_TRY IT:_ For this exercise, output exactly the lines from the opening line of the listing through the line with "الرياض – إعلام", skipping pictures.

_PROVIDED DATA:_
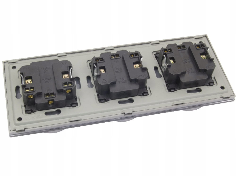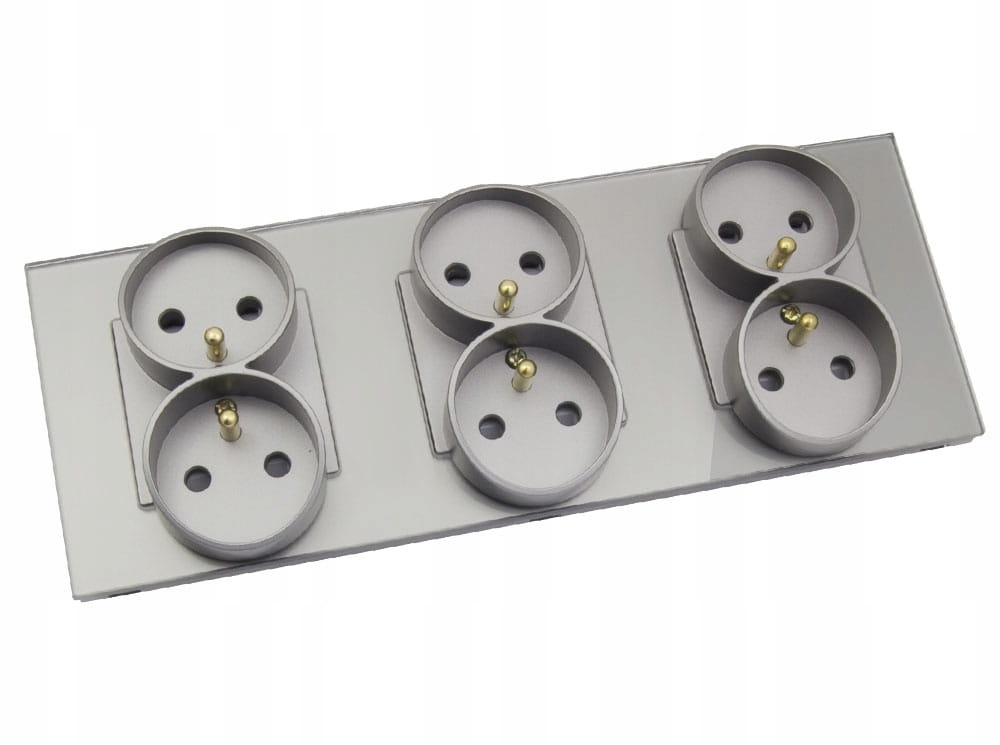 Gniazdo gniazdko elektryczne potrójne szklane z bolcem szare B-Line
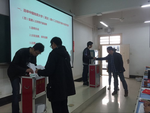 beat365官网于2017年11月2日下午在综合楼204召开了教工全体党员和学生支部书记参加的党员大会。本次党员大会分两个环节进行,第一个环节是选举经管学院出席学校第十二次党员大会的党代表。根据《关于经济管理学院党委出席中共中国地质大学(武汉)第十二次党员代表大会代表候选人预备人选的批复》文件精神,在充分发扬民主,广泛酝酿讨论的基础上,采用差额选举的办法,选举产生了经济管理学院出席中共中国地质大学(武汉)第十二次党员代表大会代表11位同志。
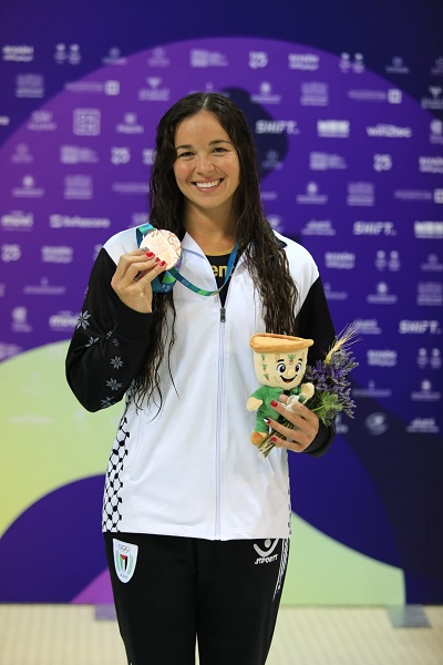 الرياض – إعلام اللجنة الأولمبية: أحرزت فاليري ترزي، لاعبة منتخبنا الوطني للسباحة، اليوم الأحد، أول ميدالية لفلسطين، في النسخة السادسة من دورة ألعاب التضامن الإسلامي، التي تحتضنها الرياض عاصمة المملكة العربية السعودية، حتى 21 من شهر تشرين الثاني الجاري.
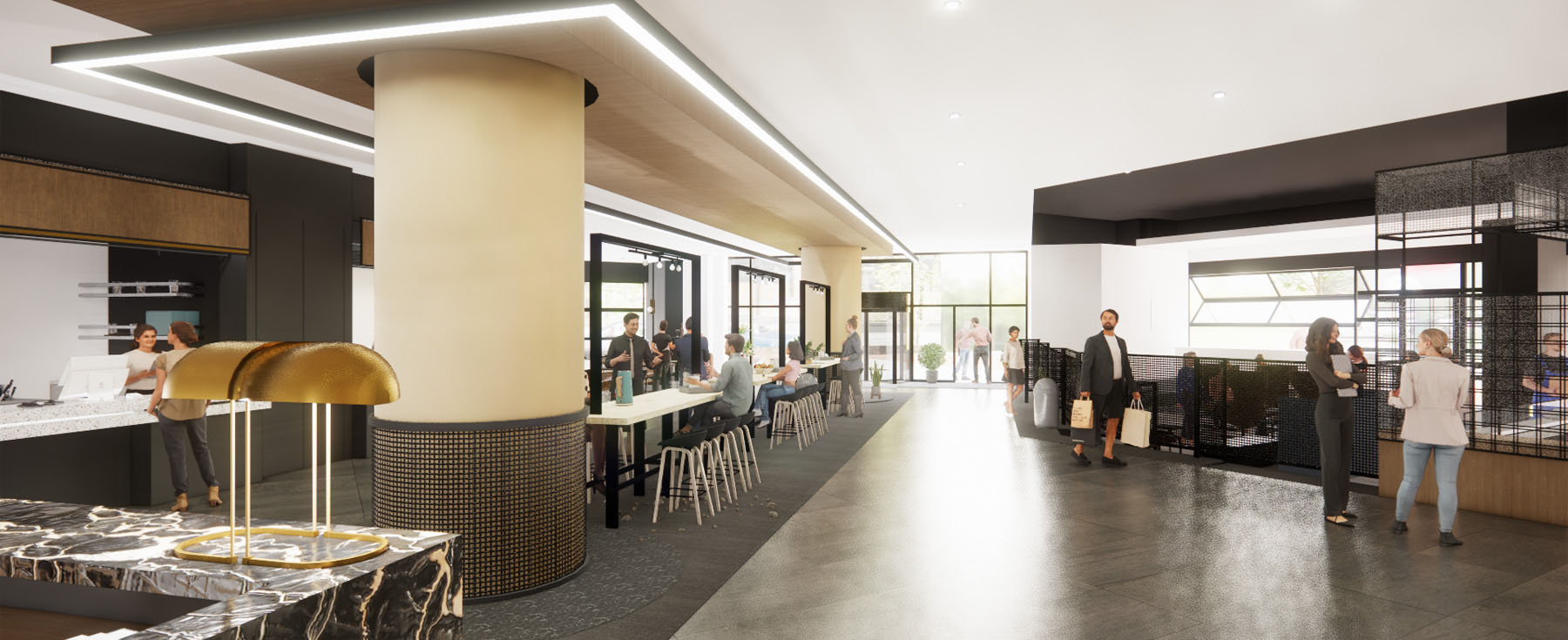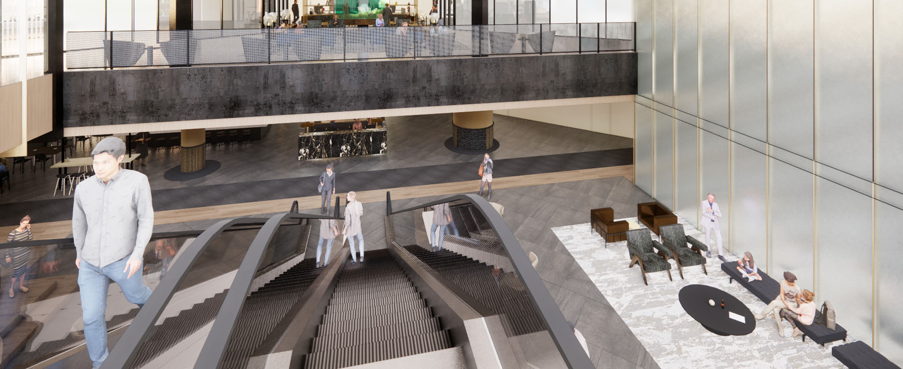 The main floor will be converted into a vibrant food hall after the previous food court and retail spaces lacked the appeal to attract people into the building. Clients will have spaces to work or hold casual meetings with more collaborative seating on the main level. The elevator lobbies will be redeveloped and reclad with the floor near the escalators infilled to create additional soft seating areas.
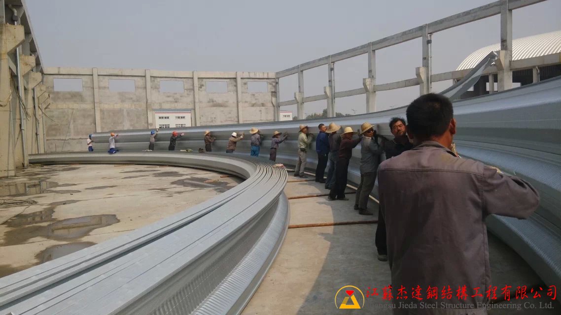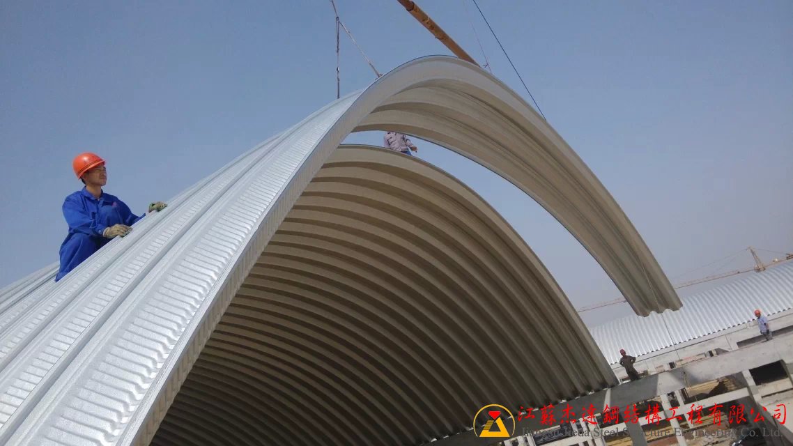 本次拱形屋頂工程施工面積達8萬多平方米,施工單位江蘇杰達鋼結構工程有限公司憑借豐富的鋼結構施工經驗,采用科學施工方案,確保項目質量和進度。施工中嚴格執行安全管理制度,加強現場監控,保障施工安全無事故。

_EXPECTED ANSWER:_
 Gniazdo gniazdko elektryczne potrójne szklane z bolcem szare B-Line
 beat365官网于2017年11月2日下午在综合楼204召开了教工全体党员和学生支部书记参加的党员大会。本次党员大会分两个环节进行,第一个环节是选举经管学院出席学校第十二次党员大会的党代表。根据《关于经济管理学院党委出席中共中国地质大学(武汉)第十二次党员代表大会代表候选人预备人选的批复》文件精神,在充分发扬民主,广泛酝酿讨论的基础上,采用差额选举的办法,选举产生了经济管理学院出席中共中国地质大学(武汉)第十二次党员代表大会代表11位同志。
 الرياض – إعلام اللجنة الأولمبية: أحرزت فاليري ترزي، لاعبة منتخبنا الوطني للسباحة، اليوم الأحد، أول ميدالية لفلسطين، في النسخة السادسة من دورة ألعاب التضامن الإسلامي، التي تحتضنها الرياض عاصمة المملكة العربية السعودية، حتى 21 من شهر تشرين الثاني الجاري.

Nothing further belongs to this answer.